К счастью, слабонервные создания в этот час сидят дома, и поэтому у них не могло быть повода испугаться страшной внешности Плотовщика.

Со стороны рощи к озеру полетели птицы, и Дюла провожал их взглядом, как старых знакомых.

«Надо бы подстрелить баклана для школьного музея, – подумал он. – И чтобы было подписано: «Подарено учеником VIII класса Лайошем Дюлой Ладо». И одну квакву».

Но тут подъехала телега, и Дюла уже не смог продолжить списка своих подношений.

– Доброе утро, дядя Балаж, я сяду сюда, рядом с вами. – И Дюла устроился на телеге рядом со старым возчиком. – Что нового?

– А какие могут быть новости? Пшеницу и рожь уже обмолотили. Сейчас молотят овес. Корову одну раздуло, но господин главный агроном сделал ей прокол, и все обошлось. Не хотите ли накинуть капюшон? Я вижу, вы вспотели.

Телега затряслась по выбоинам, под капюшоном было тепло и уютно, и Дюла замолчал: он предвкушал свою встречу с Кряжем и то, как будет рассказывать другу о своих приключениях. Вдоль дороги мелькали придорожные тополя, и Дюла сладко задремал под теплым шатром капюшона. Проснулся он оттого, что телега загромыхала через переезд и у шлагбаума со скрипом остановилась.

– А я заснул!

– Вот и хорошо, – сказал Балаж. – Спать всегда дело хорошее. А потом вы, наверное, поднялись сегодня в самую рань.

– Нужно было, дядя Балаж. Ведь в темноте не побежишь. Позади них со стуком опустился шлагбаум.

По перрону расхаживали два-три человека. Из станционного помещения доносилось постукивание телеграфного аппарата; под сапогами у Дюлы поскрипывал гравий. «Интересно, – думал Плотовщик, – привезет ли Кряж фотографию дяди Гезы? Дяди Гезы, который был и врачом, и заправским охотником, и воспитателем юных магараджей, хотя начинал кочегаром».

Сам не зная почему, Дюла почувствовал вдруг странную неуверенность, совсем не вязавшуюся с этим замечательным утром, и никак не мог от нее избавиться.

Дюла посмотрел на убегающие вдаль рельсы и почему-то подумал о том, что «параллельные линии сходятся в бесконечности». Так учили его в школе, и это было туманным, как тайны камышовых зарослей, как прошлое ушедших в землю крепостных стен, как световые года, которыми измеряется расстояние до звезд, как все то, о чем не говорил Матула, о чем умалчивал старик. А сейчас эта неясность вполне подходила, ибо делала вероятными и три профессии дяди Гезы, автомобиль, на котором он разъезжал с отпрысками магараджи, и всю пеструю карьеру бывшего кочегара. Плотовщик смотрел на дрожащий над рельсами воздух, видел, как они сходились вдалеке и бессознательно цеплялся за реальность своих грез. «Каждый сон, – думал он, – может стать явью, точно так же, как явь далекого прошлого постепенно погружается в призрачный, подобный сну туман. Так привезет ли Кряж фотографию и знает ли дядя Герге, что такое магараджа? А действительно, что же такое магараджа? – встрепенулся Плотовщик. – Магараджа – это ведь что-то вроде графа, словом, землевладелец. А может, и больше. Почти князь, хотя и не совсем».
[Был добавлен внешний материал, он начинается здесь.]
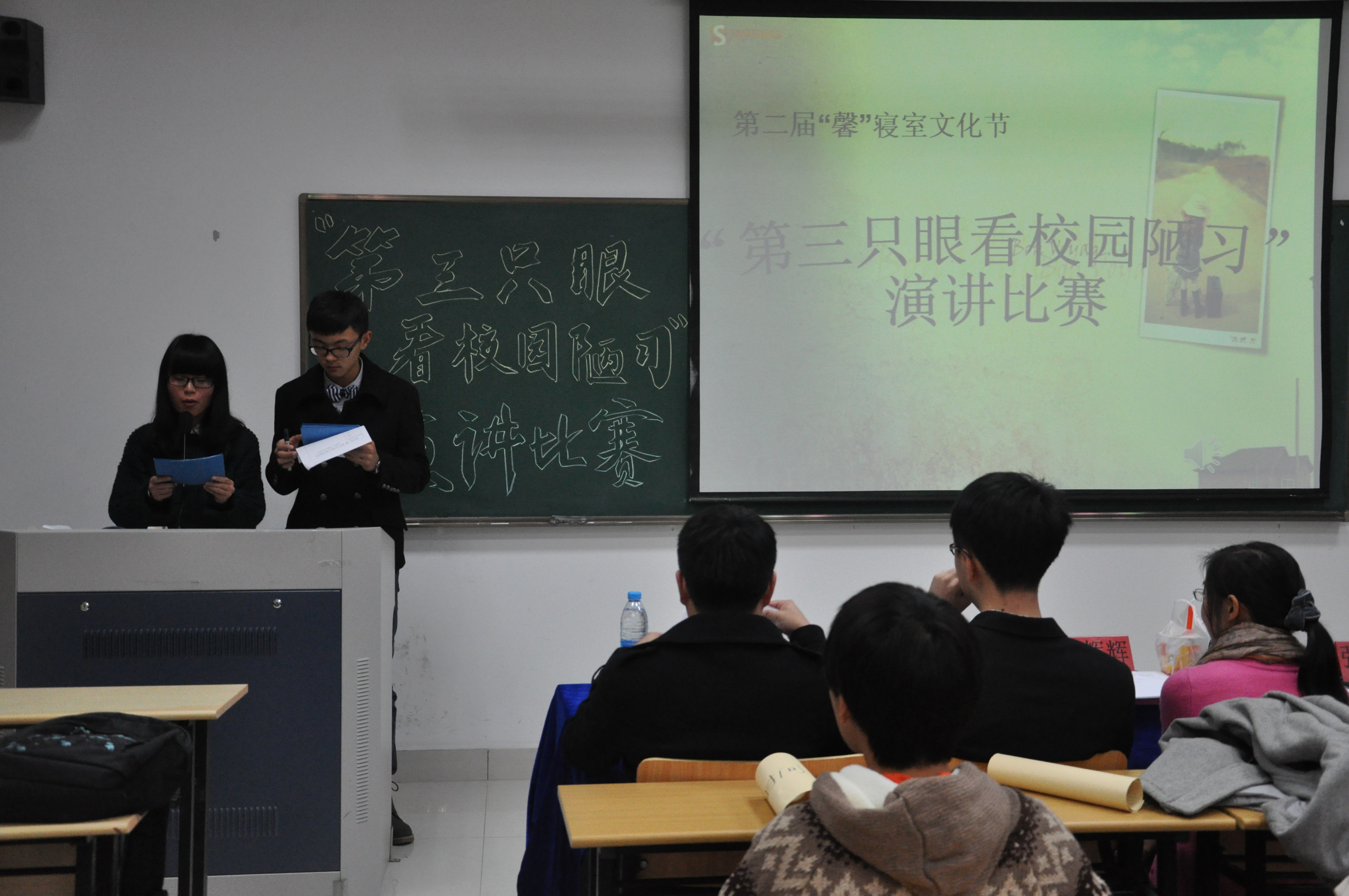 2013年11月24日晚上六点半,欧亚语言文化学院第二届“馨”寝室文化节演讲比赛在艺术楼A504教室举行。担任本次比赛的评委有欧亚学院陈和健老师,刘辉辉老师,中文学院邓健老师以及国际工商管理学院张宗讯同学。

От размышлений о магарадже нашего Дюлу оторвал поезд; дымя и грохоча, он катил по рельсам, давя и сметая все мысли, не связанные с ним.

В одном из окон Дюла увидел тетушку Пондораи, махавшую ему рукой.

– Дюла! Милый Дюла! Бела сейчас выйдет.

Плотовщик подбежал к вагону и обомлел: в дверях появился не Кряж, а какой-то отпрыск вельможи или дворянина – юный магараджа.

– Кряж? – воскликнул опешивший Дюла; руки, раскрытые для объятий, невольно опустились.

– Привет, дорогой Дюла, – поздоровался Кряж, приподняв охотничью шляпу с околышем из меха серны, и тут же сам замер от удивления: ведь Дюла, украшенный синяком во всю правую щеку, в донельзя грязной одежде, с исцарапанными коленями, нестриженый, тоже выглядел далеко не обычно.

– Дюла, последи за Белой! – крикнула тетушка Пондораи, потому что поезд уже тронулся.

– Желаю вам хорошо покупаться в Балатоне, тетя Пондораи! А за Белой я послежу. Мы вам потом напишем!

На руке у Кряжа – пальто, рядом с ним – красивый чемодан, на ногах – совсем новые «тирольские» башмаки, толстые чулки до колен и бриджи.

– Кряж, ты ли это?

Теперь уже друзья радостно жали друг другу руки, и гость скромно улыбался.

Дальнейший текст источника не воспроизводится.